Numerous women joined a number of organisations including the Women’s Voluntary Service, which ran a hostel for young women in Bradford Street, and the Auxiliary Territorial Service, known as the ATS. This was the women's branch of the British Army, formed on 9th September, 1938 as a women's voluntary service.

From 1943, some of the male conscripts were sent to work in the essential coal mines, and became known as "Bevin Boys".

Food rationing began in January 1940 after vital food supplies were being lost as a result of the continuous sinking of Allied merchant ships by German submarines.

In order to ensure a fair distribution of supplies, Ministry of Food ration books were issued to everyone, and people had to register at a shop. There were shortages of cereals, fruit, meat, and sugar.

People were encouraged to grow their own fruit and vegetables by the Dig For Victory campaign, organised by the Ministry of Food. Chickens, pigs, and even rabbits were reared for meat, and many people applied for allotments.

Wasting food became a criminal offence, and because of the sugar shortage, sweets were rationed from July 1942. Local schools helped with the shortages by growing food, and even rearing chickens and pigs.

Walsall did suffer during the German air raids, but got off lightly considering its industrial importance.

On the night of 25th June, 1940 bombs were dropped at Daw End, and on the night of 25th August, 1940 the Public Works Department in Bloxwich Road was destroyed.

In November of that year, one man was killed in Walsall, twelve people died in Willenhall, and a bomb fell on Pleck gasworks, which luckily did not explode.

The gasworks superintendent, Richard Hateley, successfully managed to avoid an explosion in one of the gas holders, and was awarded the George Medal for his efforts.

The Cenotaph in Bradford Place, Walsall. From an old postcard.

In June 1941 eleven people died during an air raid on Darlaston, and five watchmen were killed by an incendiary bomb whilst sheltering in their hut.

Most damage was caused during an air raid on 31st July, 1942 when Leamore bus depot was destroyed, as was much of Croft Street School. Hawley’s factory on Lichfield Road was badly damaged, as were a number of houses in Borneo Street.

Many celebrations were held in the town after the official announcement of the end of the war in Europe, which was made on Tuesday 8th May, 1945. The streets filled with people, and buildings carried flags, and large images of the Allied leaders.

During the evening, a Mayoral procession was held, along with a service of thanksgiving at the Parish Church. A vast crowd gathered on The Bridge, the Council House was flood-lit, and people danced on the forecourt.

Street parties were rapidly planned, bonfires lit, and a large illuminated caricature of Winston Churchill was moored on a raft in the centre of the Arboretum lake.

The VE Day street party that was held in Lowe Avenue, Darlaston. Courtesy of Mavis Young.
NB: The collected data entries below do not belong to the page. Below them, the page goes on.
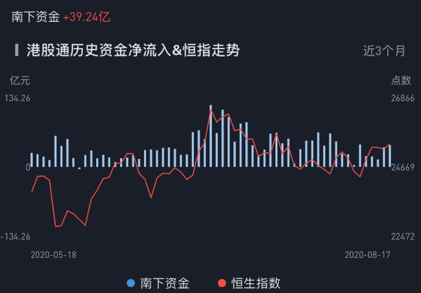 华盛资讯8月17日讯,南下资金今日净流入港股39.24亿港元,较上一交易日略有增长。
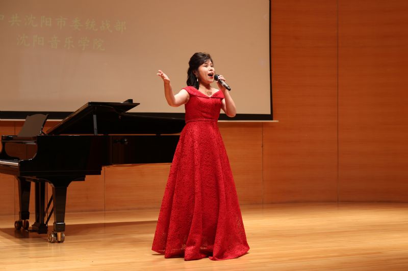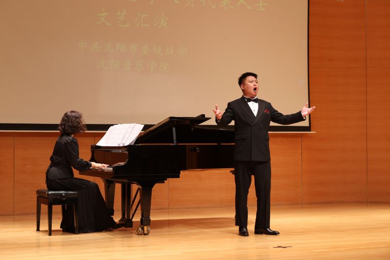 我院音乐教育学院教师、民革沈音支部祖国统一工作委员、沈音侨联成员任程,沈阳师范大学附属艺术学校学生潘怡冰演唱《万疆》
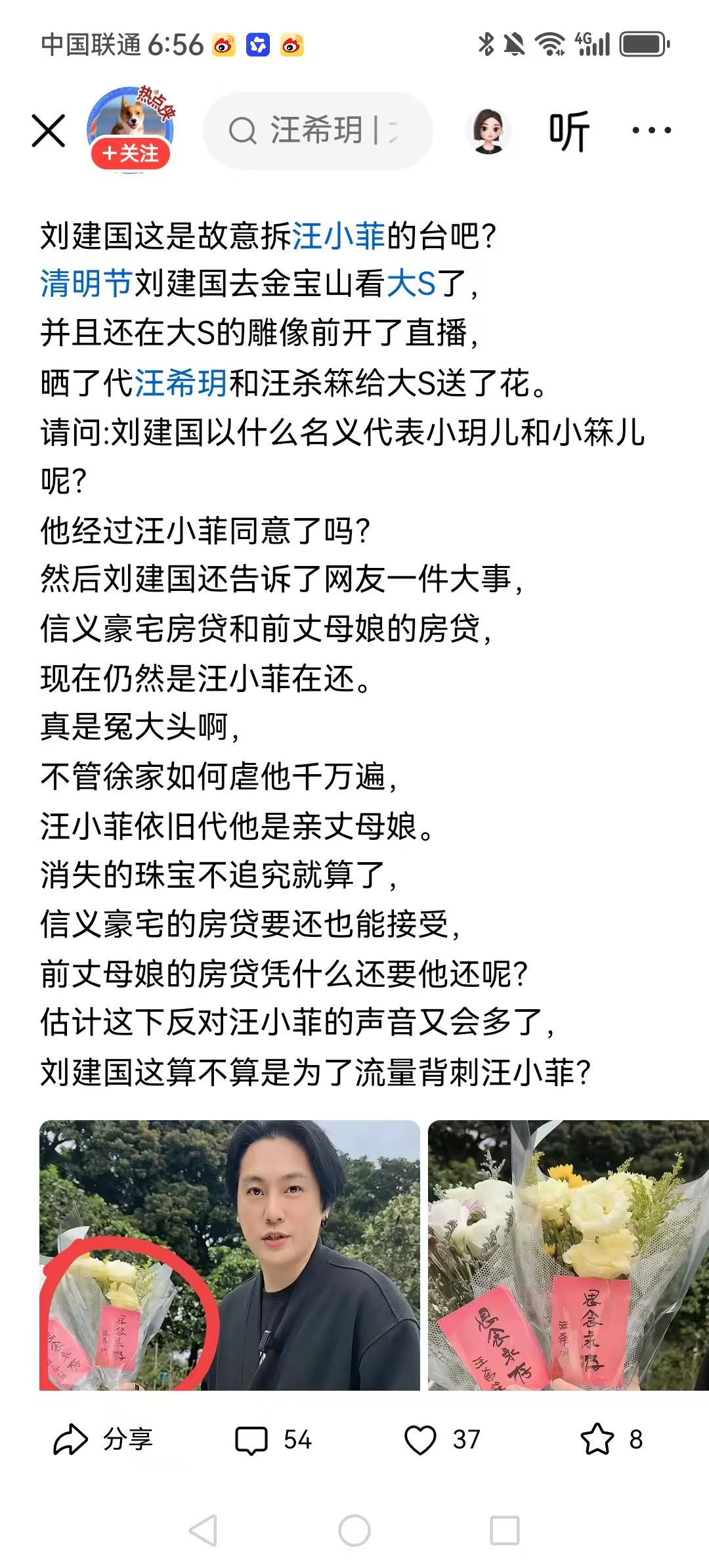 一直特别纳闷两个孩子都在台湾,为什么没有报道去见母亲呢,估计麻六计销量会更低了,因为汪在还房贷。 网友如果知道是真的,汪还在帮S一家还房贷,就不会买麻六记。 这个男人不知天天搅什么浑水,现在汪小菲已和小梅结婚了,还老提过去的事干什么? 让大家知道太好了,以后大家更不买他家东西了,全让他贡献给湾湾了。 陌生人都能去啦,汪小菲还不带去真是装模作样。
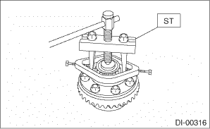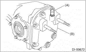 4. Remove the bolts, and then remove the rear cover. 5. Remove the stud bolts from rear cover if necessary. 6. Remove the side retainer attachment bolts, set the ST to differential case, and extract the side retainers RH and LH with a puller. NOTE: • Side retainer shim of each side should be kept together with its mating retainer. • Keep the side retainers separate by attaching tags or in similar ways to make it possible to identify RH and LH sides during reassembly.
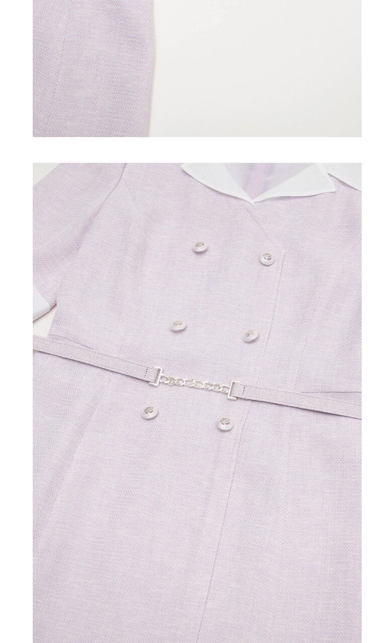 고급스러운 벨트 장식으로 웨이스트 라인을 잡아주어 페미닌한 실루엣이 연출되고|*|
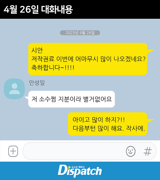 37. '디스패치'가 문제를 제기하자, 안성일이 (영어를 써가며) 급히 반박했습니다.

In April 1948 a War Memorial Committee was formed to decide upon suitable memorials for the town.

They decided that three additional memorial plaques were to be erected in the Town Hall to carry the names of the 741 Walsall people who gave their lives in the defence of their country, and that further inscriptions would be added to the cenotaph in Bradford Place, and to Bloxwich War Memorial.

Bloxwich War Memorial. From an old postcard.

The additions were seen as fitting tributes, and a permanent reminder of those who had selflessly given their lives to their country, during the terrible struggle that had now ended.